> **COLLECTED MATERIAL**
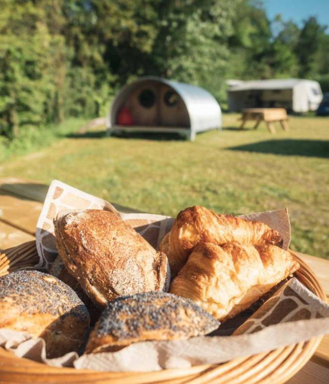 Næste morgen kom Eva forbi igen – denne gang med friskbrygget kaffe og en lækker morgenmadskurv, som vi nød på udendørsterrassen i morgensolen – en perfekt start på den aktive og oplevelsesrige dag, som vi havde i vente.
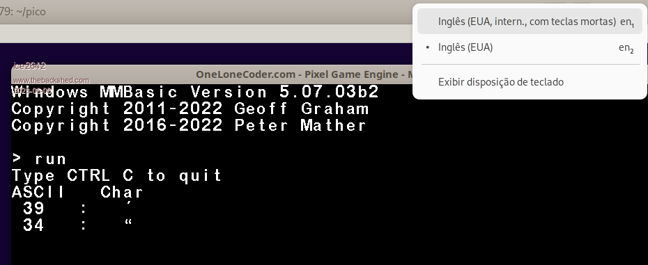 It seems it doesn't even support as per the terminal. The windows version does not. The simplest way for anyone using an international US keyboard is to leave the 2 configurations in the system and switch to the default US when running MMBasic. The funny thing is that connecting through Putty or minicom works without any problem, so it can be assumed that it is not MMBasic, but the terminal used. In this case, the windows version uses a game engine to display the graphics (Pixel game engine) and I think that it is having a problem with the keyboard, the same thing with gfxterm that also had this problem, but I don't know if the same engine was used . MMBasic 5.0707 on PicoMite VGA |
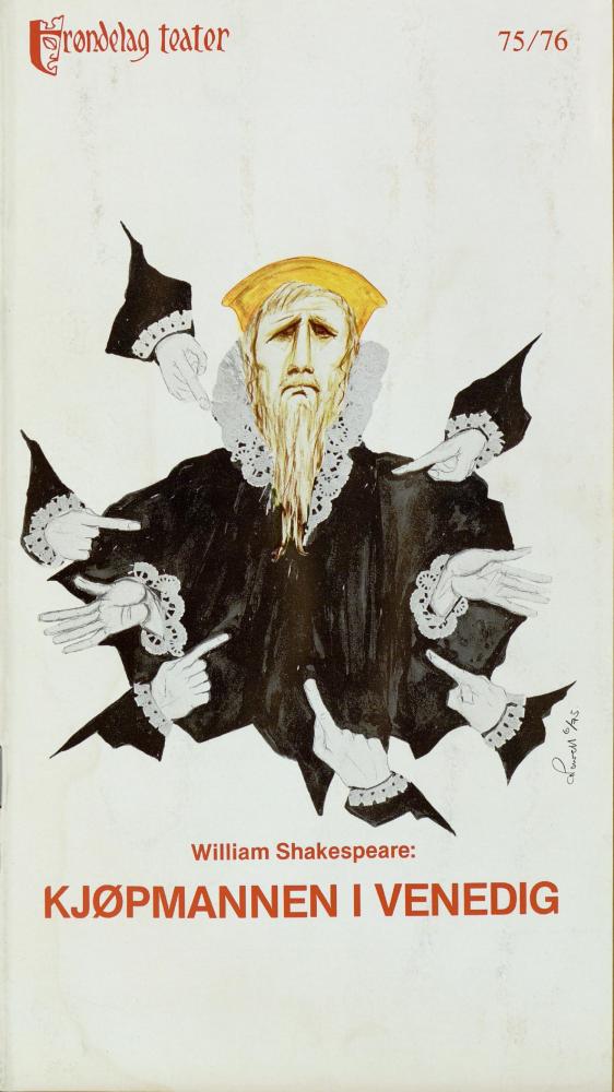 Forestillingsprogram for Trøndelag Teaters produksjon Kjøpmannen i Venedig (1975).
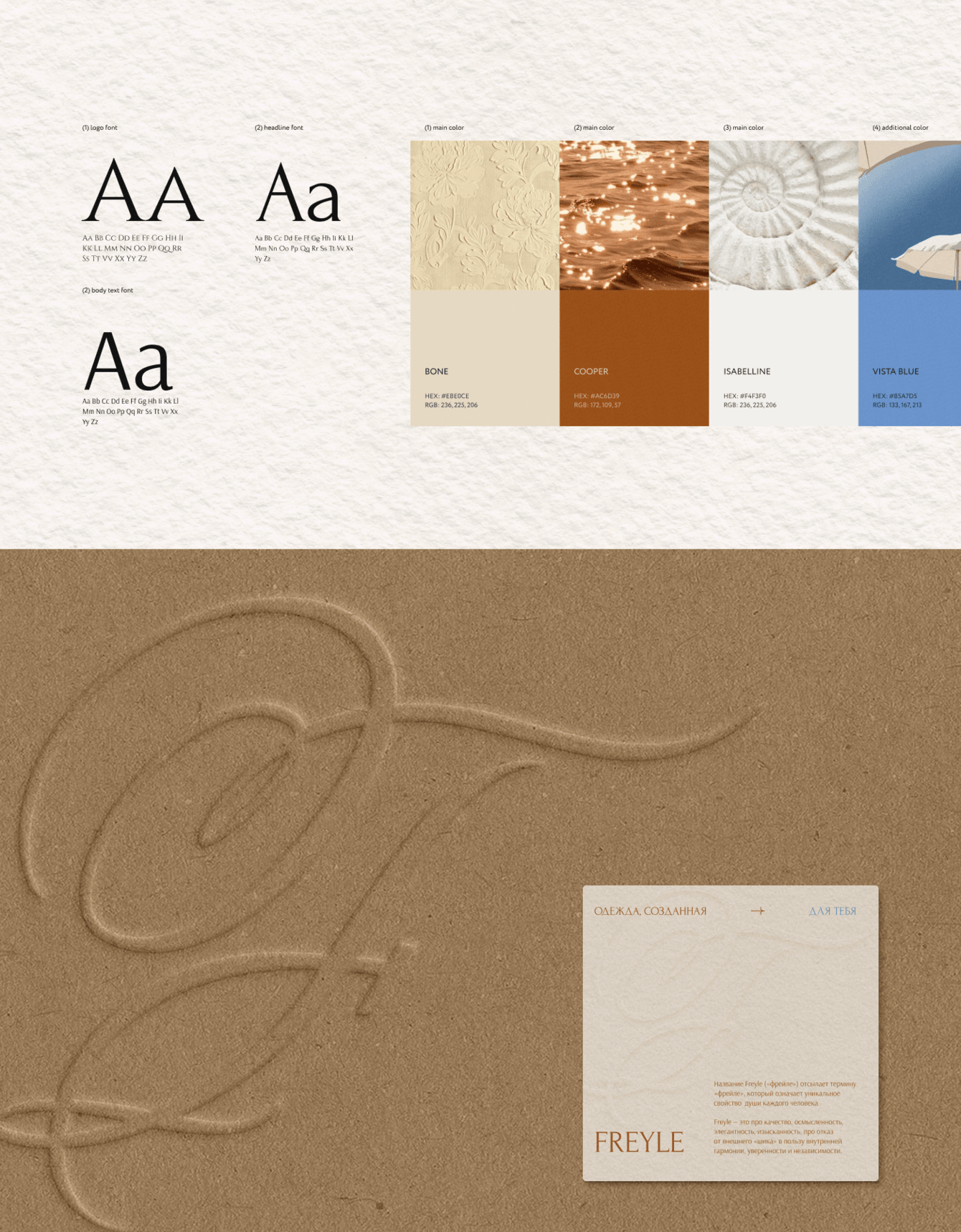 Палитра проекта отражает гармонию и элегантность, подчеркивая философию бренда Freyle. Нежные оттенки Bone и Isabelline создают ощущение утонченности и внутренней гармонии, а теплый цвет Cooper добавляет роскоши, перекликаясь с эстетикой old money. Завершает палитру Vista Blue — символ спокойствия и уверенности, который идеально дополняет концепцию бренда, ориентированного на уникальность и осознанный стиль.

> **YOUR GOAL**
Only an exact copy of the lines from the one with "Forestillingsprogram for Trøndelag" through the last line of the data above is wanted, and no pictures.

> **ANSWER FOR THE TASK**
 Forestillingsprogram for Trøndelag Teaters produksjon Kjøpmannen i Venedig (1975).
 Палитра проекта отражает гармонию и элегантность, подчеркивая философию бренда Freyle. Нежные оттенки Bone и Isabelline создают ощущение утонченности и внутренней гармонии, а теплый цвет Cooper добавляет роскоши, перекликаясь с эстетикой old money. Завершает палитру Vista Blue — символ спокойствия и уверенности, который идеально дополняет концепцию бренда, ориентированного на уникальность и осознанный стиль.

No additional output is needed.